Age is particularly relevant on issues like climate change which will likely impact each generation more than the last. And while climate change believers have reached a majority in the U.S., almost 20 percent more seniors (65 years and older) than millennials deny its existence, according to a study by the University of Texas. Coincidentally – or not – most of those seniors will die in the next few decades, while the younger generations will have to cope with these issues for much longer.
Partisanship likely also comes into play when considering trust in Congress. Because compromise between parties must always be made in order to pass a bill, the process is a) usually slow and b) often unsatisfactory to both sides. In fact, a study by Pew Research shows that a majority – 64 percent– of Democrats and Republicans believe that “on the issues that matter to them, their side loses more often than it wins.” The system set in place is meant to appease both sides to an extent, yet in reality, most aren’t being satisfied.
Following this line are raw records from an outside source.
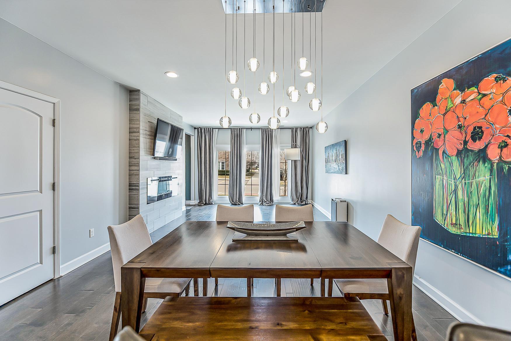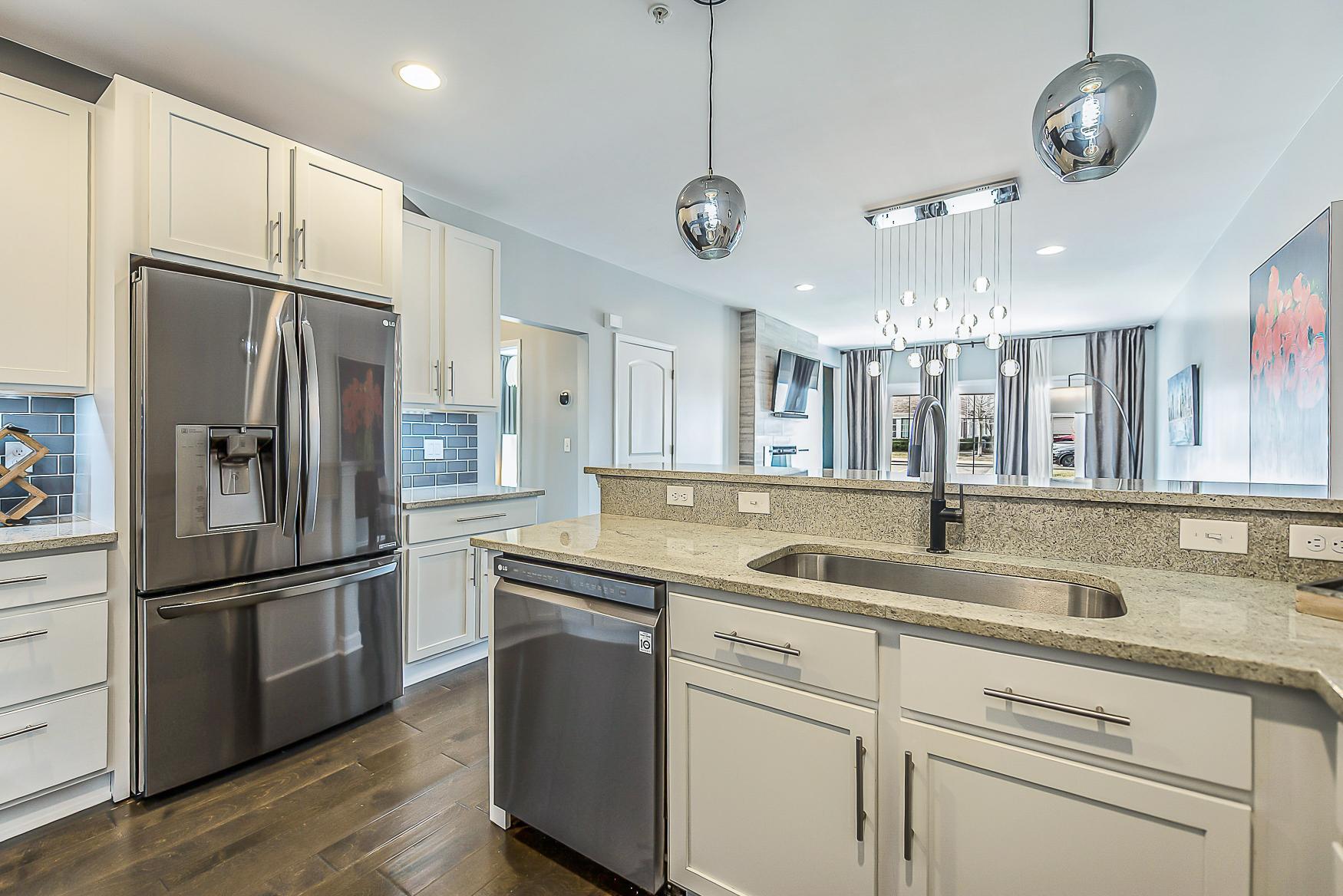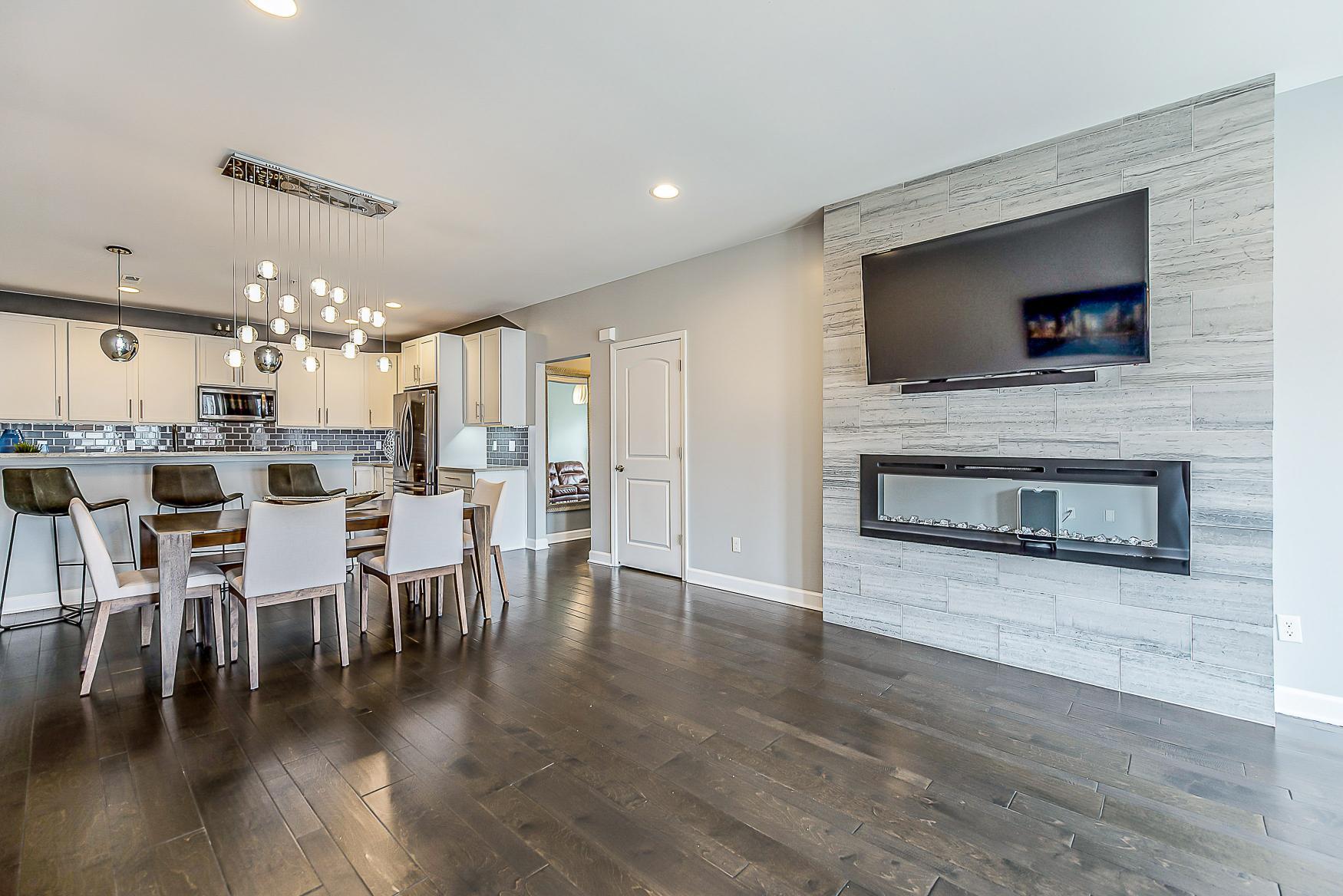 Step inside to find handscraped variable-width custom hardwood floors gracing the foyer, half bath, kitchen, and dining room. The living room is anchored by a breathtaking floor-to-ceiling tiled fireplace with an electric insert, creating a cozy and elegant focal point. The gourmet kitchen is a chef’s dream, complete with 42” cabinets, recessed lighting, granite countertops, a snack bar, and stainless-steel appliances.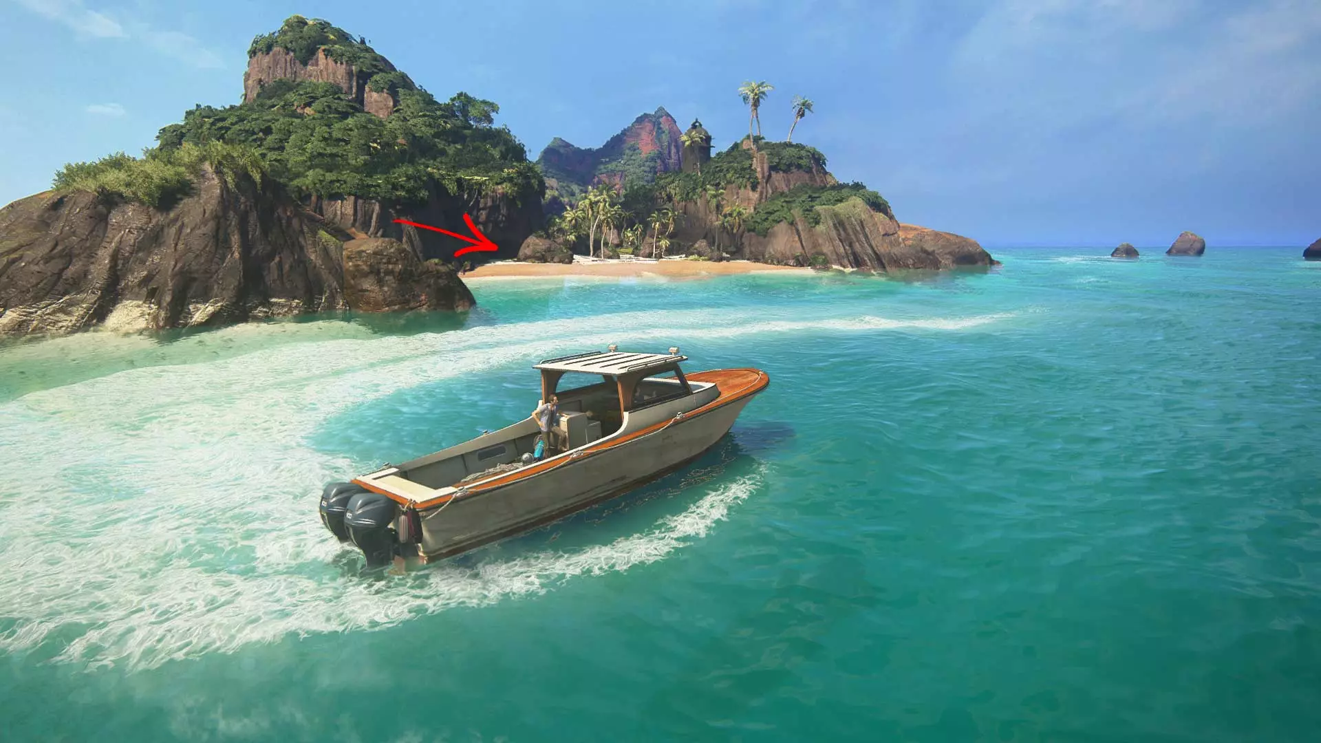 从章节开始,你需要游向大岛的左侧。那里会有一艘沉没的海盗船,在不远处停下并跳入水中。当内特在水中说“马可!”时,成就将解锁。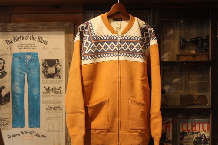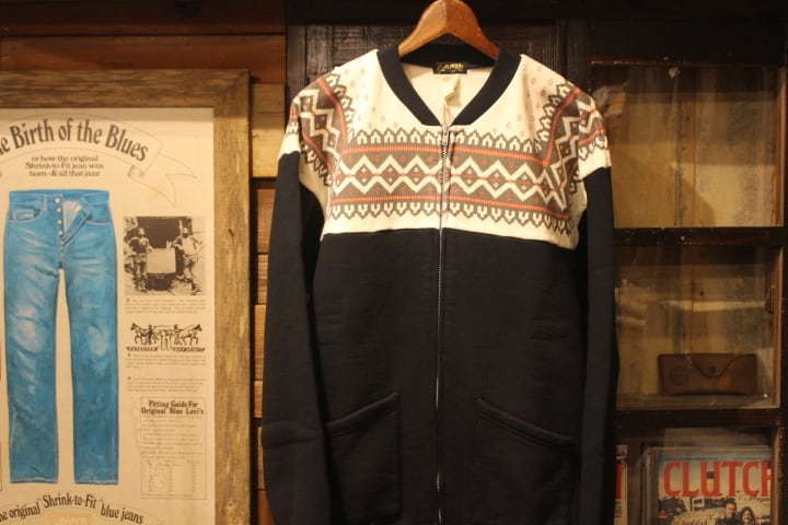 北欧ニットにみられるような雪の結晶をモチーフにした雪柄スウェット。肉厚感と裏起毛のオリジナル生地で仕上げられたたヘビーウェイト生地を採用。フロントジップタイプでデイリーからアウトドアまで幅広く着用できる。1950年代~60年代ノルディックやスキーのイメージで親しまれていた1着。

Yes, President Trump was freed of a bit of blame earlier in this piece, but he certainly does play a part in the way Americans now view our government from both sides. He works to build a sense of distrust throughout his own party by creating hysteria over fake news. Then, he slanders Democrats – and anyone with whom he disagrees – relentlessly, fostering more distrust on the other side. What is trustworthy about this and about all of the chaos occurring after only one year in the White House? Think Russian interference, sexual assault allegations, nuclear war threats, hiring and firing and hiring and firing, white-supremacist sympathy – and this list is already much too long.
Not to mention that Trump and his supporters are guilty of creating their own conspiracies. Who can forget that they once pushed Obama to release his birth certificate to respond to theories that he was not truly born in the United States of America? And that they accused him of being Muslim, which is firstly, not a crime, and second, not true? This kind of conspiracy is not a rational one, but one that came out of partisan bias and, frankly, racism.
But this is common knowledge; now this is the norm. And now it can seem like the next scandal is just around the corner, one that will break before anyone has even had a chance to conspire about it. So, unfortunately, conspiracy and distrust may not be an overreaction. Instead, consider it a response to the way American people have and continue to be abused by the powerful institutions meant to give us security.